━━ Records provided

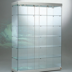 Le vetrine della collezione B&W costituiscono un salto di classe nell'arte espositiva. Il felice connubio tra il cristallo temperato e le nuovissime finiture in bianco, permettono l'arredamento ottimale di negozi, esposizioni, uffici, hotel, bar, mostre, nonchè l'inserimento in abitazioni private per riporre oggetti preziosi e da collezione. Non a caso B&W è una delle collezioni più prestigiose e raffinate, studiata per sfruttare al meglio lo spazio grazie alle varie dimensioni e ad una intelligente componibilità. Dotazione:
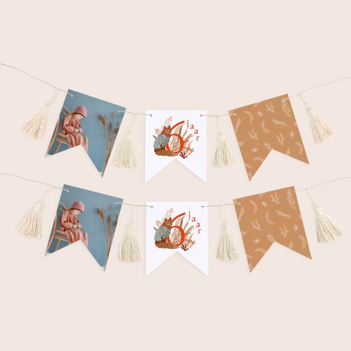 Deze slinger van 16 dubbelzijdige wimpels, passend bij de uitnodigingskaart die je hebt gekozen, is te personaliseren met de naam van je kind, de datum van zijn/haar verjaardag, foto en een eigen tekst.
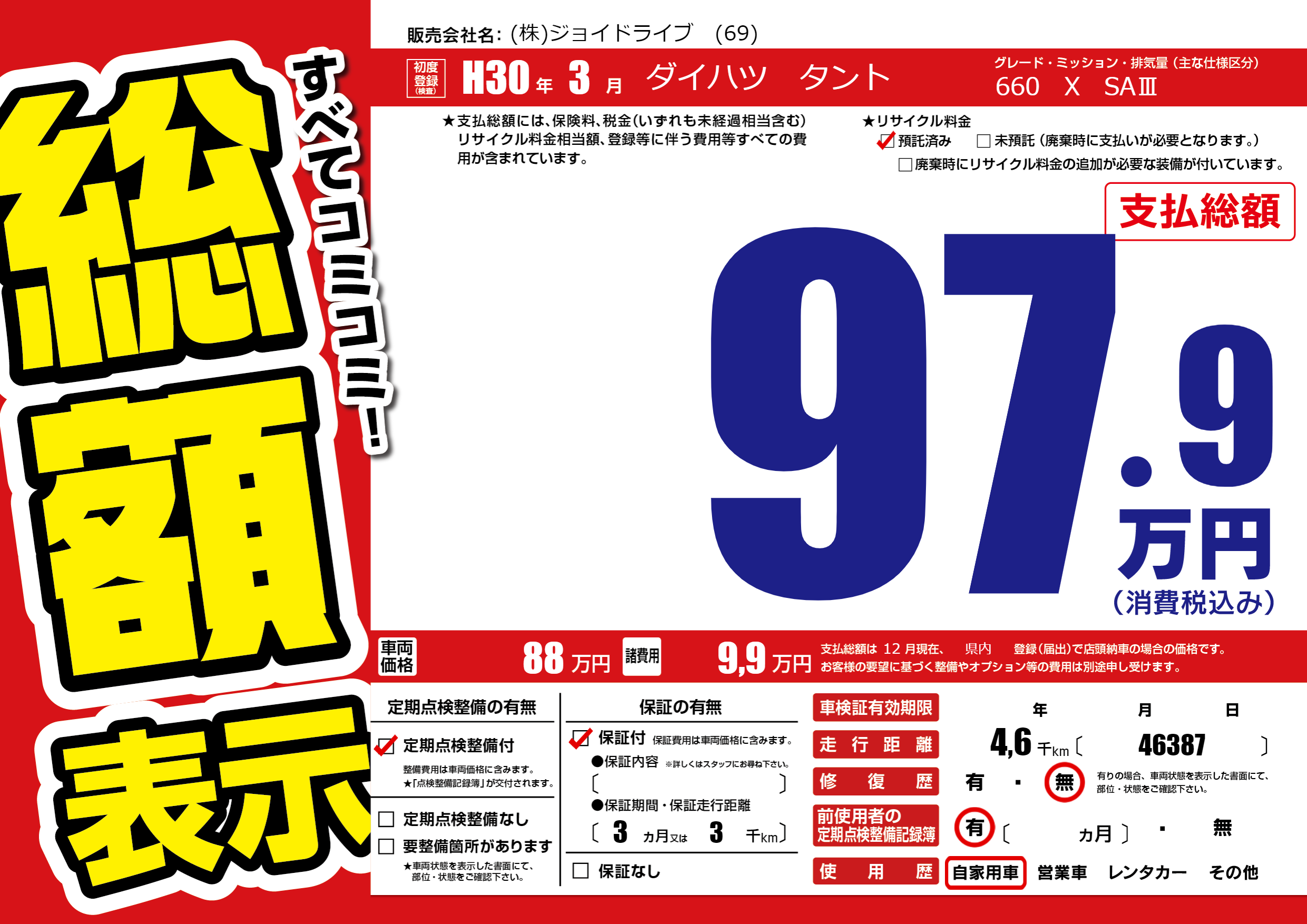 | 車名 | ダイハツ タント | グレード ミッション 排気量 |
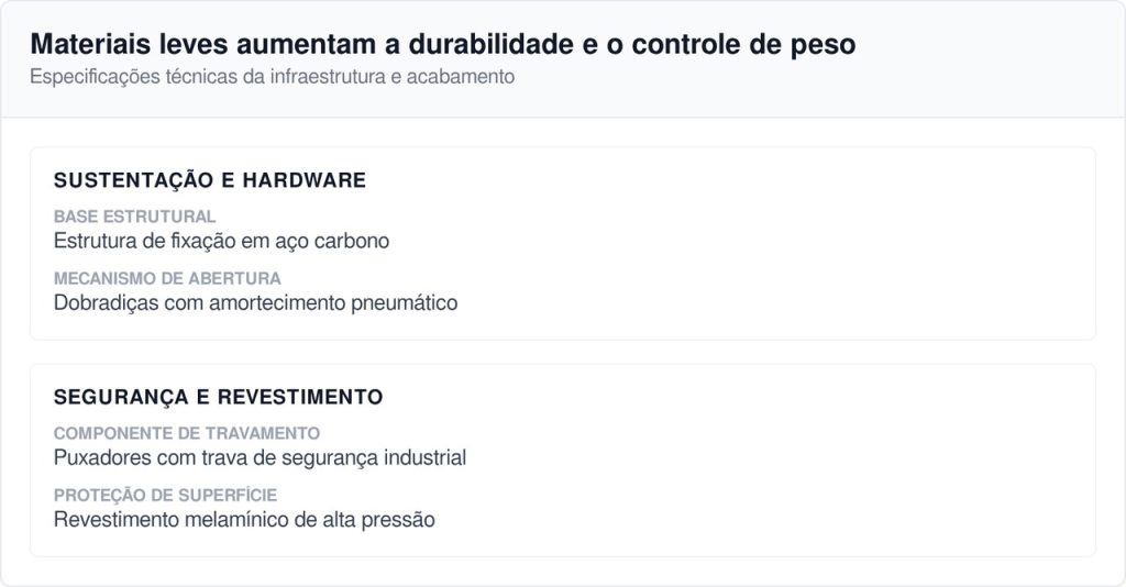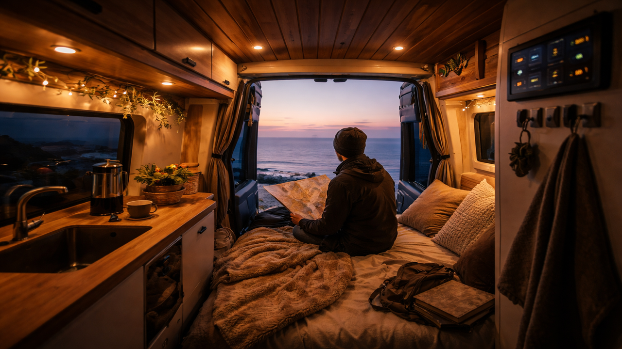 A marcenaria consome cerca de 30% do orçamento total. O uso de Compensado Naval é obrigatório para resistir à umidade e às vibrações do deslocamento. Um projeto básico para vans médias custa em torno de R$ 15.000, incluindo armários, cama e bancadas resistentes.
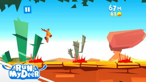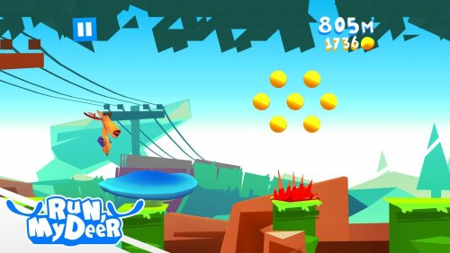 Помогите оленю пробежать как можно дальше, перепрыгивая препятствия и собирая золотые монетки - Run, My Deer.
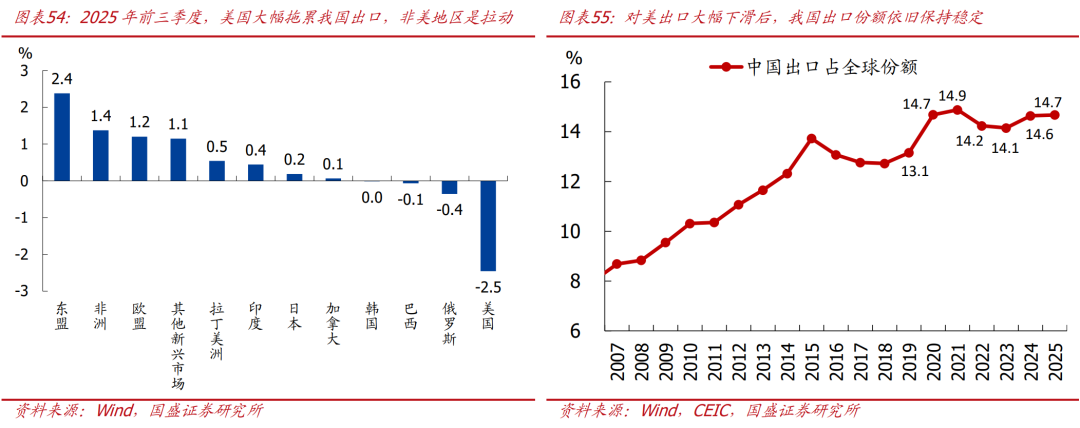 >外需看,2025年以来,虽然美国对我国关税大幅提升,但出口持续超预期,除了转出口、抢出口等因素影响,更根本的是我国制造业的国际竞争优势较强,叠加海外经济复苏,预计将继续支撑我国未来一段时期的出口。
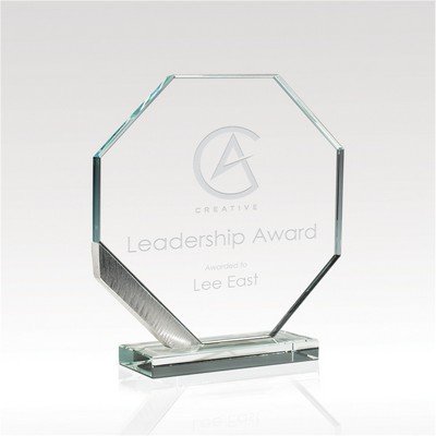 Cherished Starphire glass sculpted into an octagon forms the ever-popular Octennial award. A touch of random sanded silver metal heightens the radiance and appeal. Complies with Prop 65. 6.00″ W x 6.50″ H x 2.00″ D
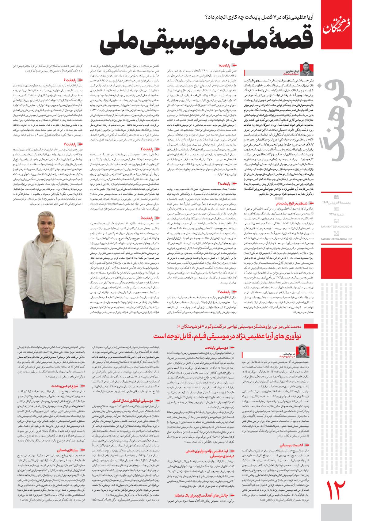 یکشنبه ۳۱ فروردین ۱۴۰۴
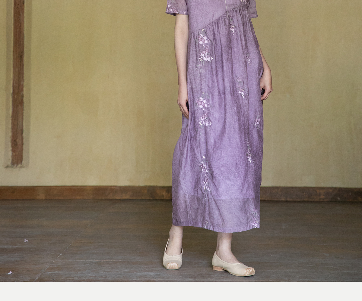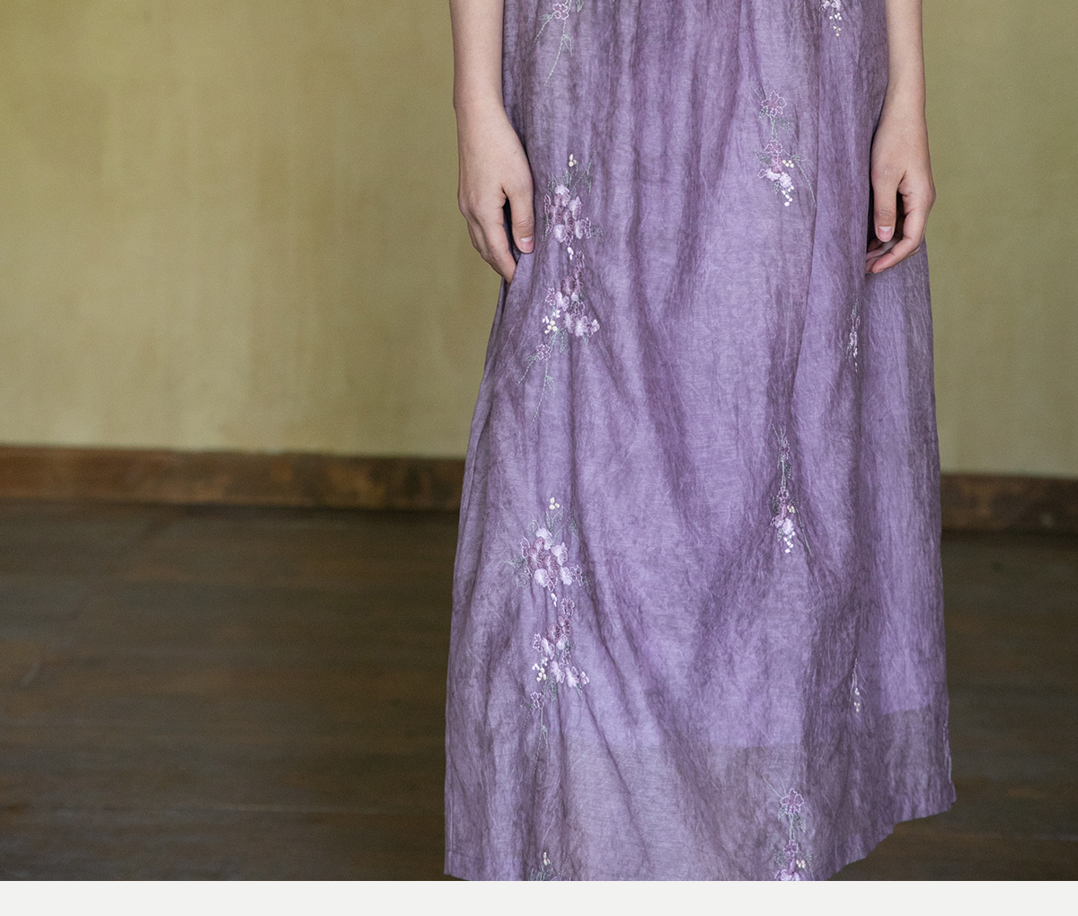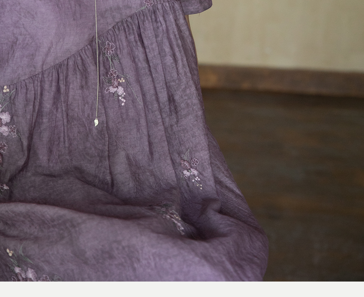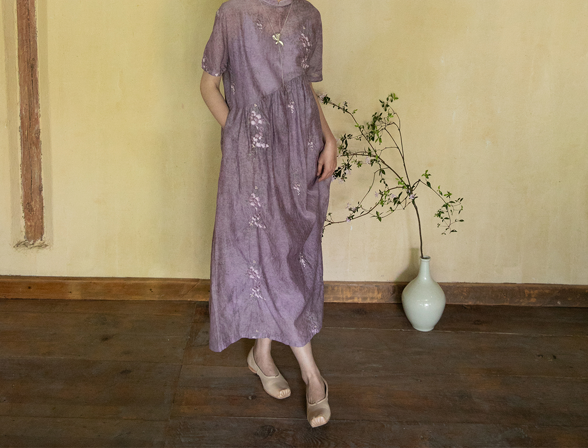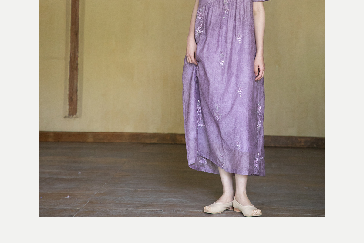 牧衣游原创 炒色丝棉匹绣连衣裙新款减龄禅意文艺气质长裙 月寻人
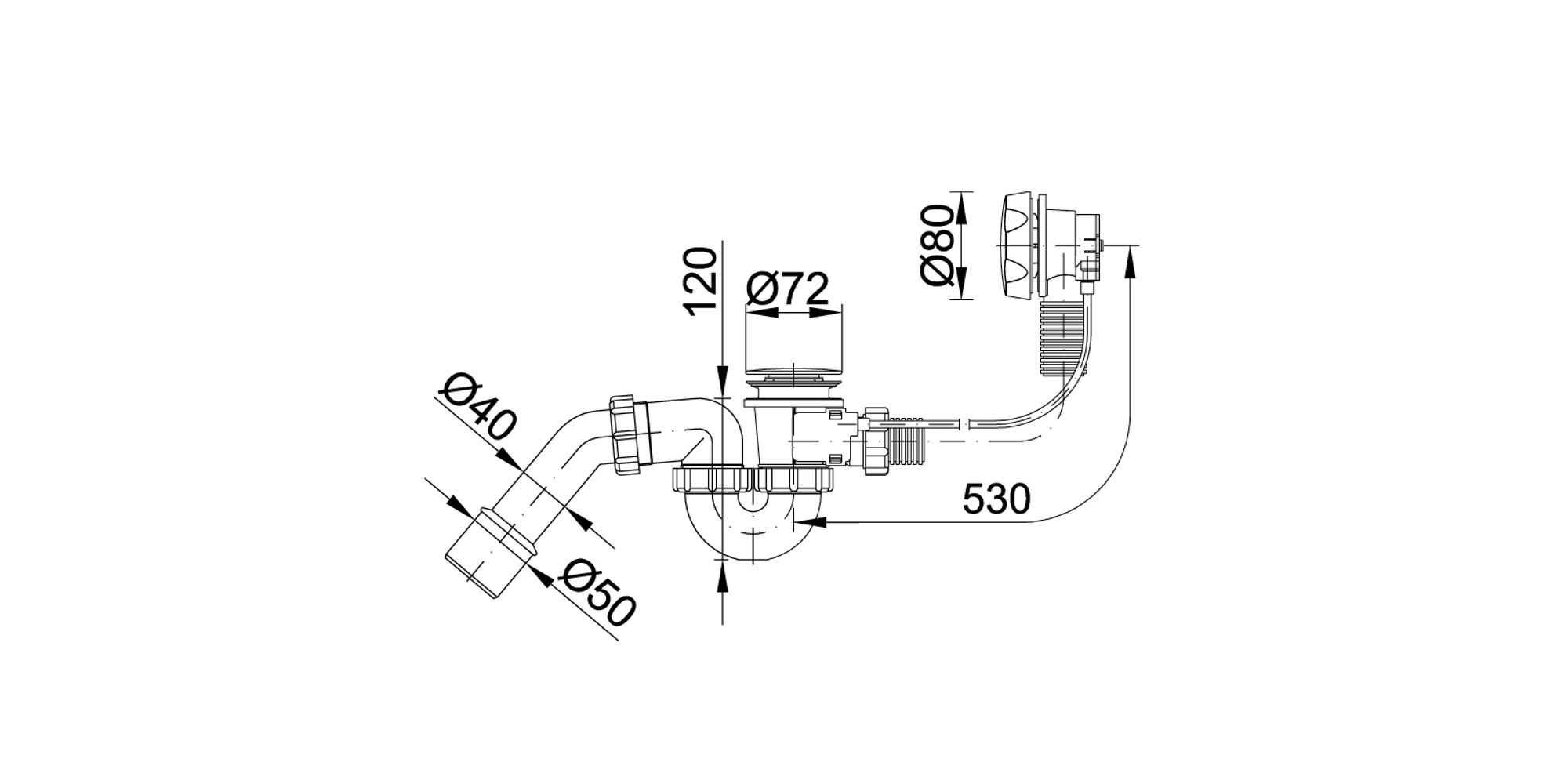 Cu o înălțime de 53 cm, sifonul este conceput special pentru căzile moderne, inclusiv pentru cele mai înalte sau cu structură mai complexă. Conectorii sunt standardizați conform normelor, iar piesa asigură o etanșeitate perfectă la o presiune de 0.1 bar, cu înălțimea coloanei de apă > 50 mm, astfel încât nu trebuie să-ți faci griji pentru scurgeri sau mirosuri neplăcute. Intervalul de temperatură acceptat este de 20–95 °C, ceea ce îți garantează o funcționare stabilă inclusiv la apă fierbinte.
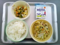 今日の献立は、ご飯、牛乳、チャンポン麺、こまつなサラダです。こまつなは、鉄分を多...
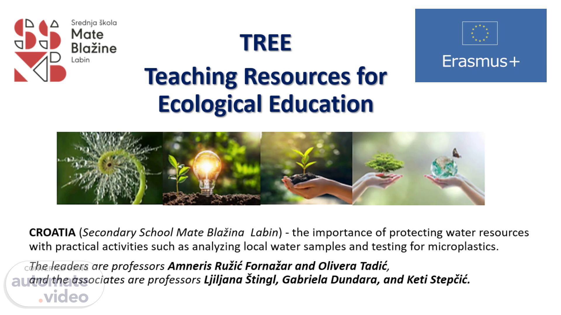 [Audio] TREE Teaching Resources for Ecological Education CROATIA (Secondary School Mate Blažina Labin) - the importance of protecting water resources with practical activities such as analyzing local water samples and testing for microplastics. The leaders are professors Amneris Ružić Fornažar and Olivera Tadić, and the associates are professors Ljiljana Štingl, Gabriela Dundara, and Keti Stepčić. Hello, I am Olivera. Welcome to our Erasmus+ project in Labin. The main focus of our work is ecological education, especially water protection and the impact of microplastics. Our goal is to raise environmental awareness and develop practical skills in sustainability." This project is hosted by Secondary School Mate Blažina in Labin, Croatia. The leading professors are Amneris Ružić Fornažar and Olivera Tadić, with the support of colleagues Ljiljana Štingl, Gabriela Dundara, and Keti Stepčić. Together, we will guide you through fieldwork and laboratory activities..

━━━━

An exact transcription of all the entries is required, without the pictures.

> Answer section:
 Le vetrine della collezione B&W costituiscono un salto di classe nell'arte espositiva. Il felice connubio tra il cristallo temperato e le nuovissime finiture in bianco, permettono l'arredamento ottimale di negozi, esposizioni, uffici, hotel, bar, mostre, nonchè l'inserimento in abitazioni private per riporre oggetti preziosi e da collezione. Non a caso B&W è una delle collezioni più prestigiose e raffinate, studiata per sfruttare al meglio lo spazio grazie alle varie dimensioni e ad una intelligente componibilità. Dotazione:
 Deze slinger van 16 dubbelzijdige wimpels, passend bij de uitnodigingskaart die je hebt gekozen, is te personaliseren met de naam van je kind, de datum van zijn/haar verjaardag, foto en een eigen tekst.
 | 車名 | ダイハツ タント | グレード ミッション 排気量 |
 A marcenaria consome cerca de 30% do orçamento total. O uso de Compensado Naval é obrigatório para resistir à umidade e às vibrações do deslocamento. Um projeto básico para vans médias custa em torno de R$ 15.000, incluindo armários, cama e bancadas resistentes.
 Помогите оленю пробежать как можно дальше, перепрыгивая препятствия и собирая золотые монетки - Run, My Deer.
 >外需看,2025年以来,虽然美国对我国关税大幅提升,但出口持续超预期,除了转出口、抢出口等因素影响,更根本的是我国制造业的国际竞争优势较强,叠加海外经济复苏,预计将继续支撑我国未来一段时期的出口。
 Cherished Starphire glass sculpted into an octagon forms the ever-popular Octennial award. A touch of random sanded silver metal heightens the radiance and appeal. Complies with Prop 65. 6.00″ W x 6.50″ H x 2.00″ D
 یکشنبه ۳۱ فروردین ۱۴۰۴
 牧衣游原创 炒色丝棉匹绣连衣裙新款减龄禅意文艺气质长裙 月寻人
 Cu o înălțime de 53 cm, sifonul este conceput special pentru căzile moderne, inclusiv pentru cele mai înalte sau cu structură mai complexă. Conectorii sunt standardizați conform normelor, iar piesa asigură o etanșeitate perfectă la o presiune de 0.1 bar, cu înălțimea coloanei de apă > 50 mm, astfel încât nu trebuie să-ți faci griji pentru scurgeri sau mirosuri neplăcute. Intervalul de temperatură acceptat este de 20–95 °C, ceea ce îți garantează o funcționare stabilă inclusiv la apă fierbinte.
 今日の献立は、ご飯、牛乳、チャンポン麺、こまつなサラダです。こまつなは、鉄分を多...
 [Audio] TREE Teaching Resources for Ecological Education CROATIA (Secondary School Mate Blažina Labin) - the importance of protecting water resources with practical activities such as analyzing local water samples and testing for microplastics. The leaders are professors Amneris Ružić Fornažar and Olivera Tadić, and the associates are professors Ljiljana Štingl, Gabriela Dundara, and Keti Stepčić. Hello, I am Olivera. Welcome to our Erasmus+ project in Labin. The main focus of our work is ecological education, especially water protection and the impact of microplastics. Our goal is to raise environmental awareness and develop practical skills in sustainability." This project is hosted by Secondary School Mate Blažina in Labin, Croatia. The leading professors are Amneris Ružić Fornažar and Olivera Tadić, with the support of colleagues Ljiljana Štingl, Gabriela Dundara, and Keti Stepčić. Together, we will guide you through fieldwork and laboratory activities..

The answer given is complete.